Notice that your inserts are going to be “group by” to match your key.
For example:
CREATE EVENT some_report_day_event
ON SCHEDULE
EVERY 1 HOUR
COMMENT 'updates some_report_day hourly'
DO
REPLACE INTO some_report_day SELECT traffic_source_id, ad_id, affiliate_id, affiliates_key , DATE_FORMAT(NOW() ,'%Y-%m-%d') as date_time, SUM(impressions), SUM(hits), SUM(leads), SUM(cost), ROUND( SUM(leads) * 5 / SUM(cost) ,2) as ROI
FROM some_report_hour r
WHERE r.date_time BETWEEN DATE_FORMAT(NOW() ,'%Y-%m-%d 00:00:00') AND DATE_FORMAT(NOW() ,'%Y-%m-%d 23:59:59')
GROUP BY traffic_source_id, ad_id, affiliate_id, affiliates_key;
Now the reports that gather data per day and not per hour are going to be faster as they are going to be simple selects as well.
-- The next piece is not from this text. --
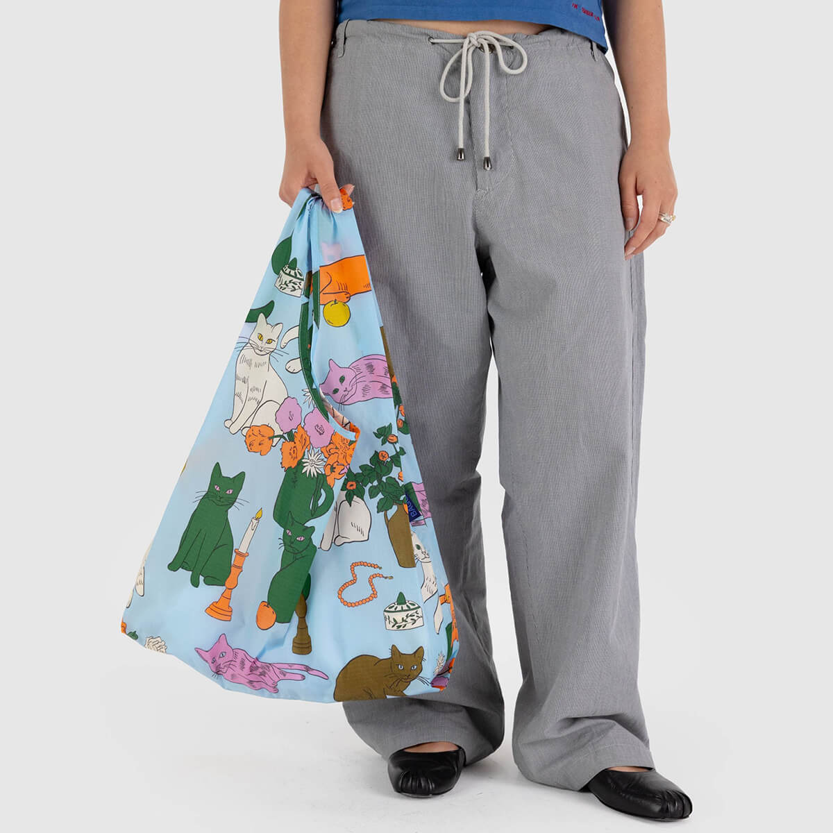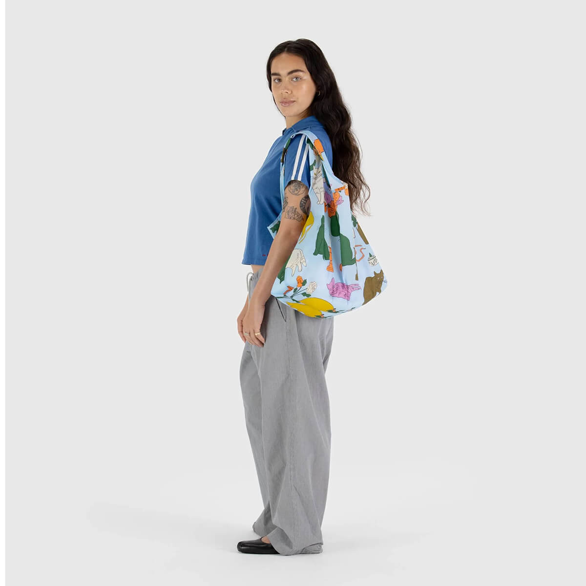 Standard bag by Baggu. Baggu's best selling reusable bag isn't just for the grocery store, it goes everywhere and hauls almost anything. Carries 2-3 plastic grocery bags worth of stuff comfortably in hand or over your shoulder.

So the data is much like the following:
+-------------------+-------+--------------+----------------+------------+-------------+---------+-------+-----------+------+
| traffic_source_id | ad_id | affiliate_id | affiliates_key | date_time | impressions | hits | leads | cost | roi |
+-------------------+-------+--------------+----------------+------------+-------------+---------+-------+-----------+------+
| 100 | 2343 | 9839 | SomeID | 2012-02-14 | 543232 | 44316 | 458 | 100000.00 | 0.02 |
| 100 | 2343 | 9839 | SomeID2 | 2012-02-14 | 89832 | 24916 | 2458 | 100000.00 | 0.12 |
| 100 | 4343 | 9839 | SomeID | 2012-02-14 | 89832 | 44916 | 22458 | 100000.00 | 1.12 |
| 100 | 4343 | 9839 | SomeID2 | 2012-02-14 | 93332 | 34716 | 23438 | 100000.00 | 1.17 |
| 100 | 5343 | 9839 | SomeID | 2012-02-14 | 1239832 | 2344916 | 2538 | 100000.00 | 0.13 |
+-------------------+-------+--------------+----------------+------------+-------------+---------+-------+-----------+------+
You can continue this concept for monthly and yearly data.
You could also build summary tables broken down by affiliate_id and day for example.
It really depends on what your after. Just remember data is never deleted but just copied into summary table for ease of use and speed.
This is a very simple example but hopefully it gets you thinking and started on how you can summarize your data easily.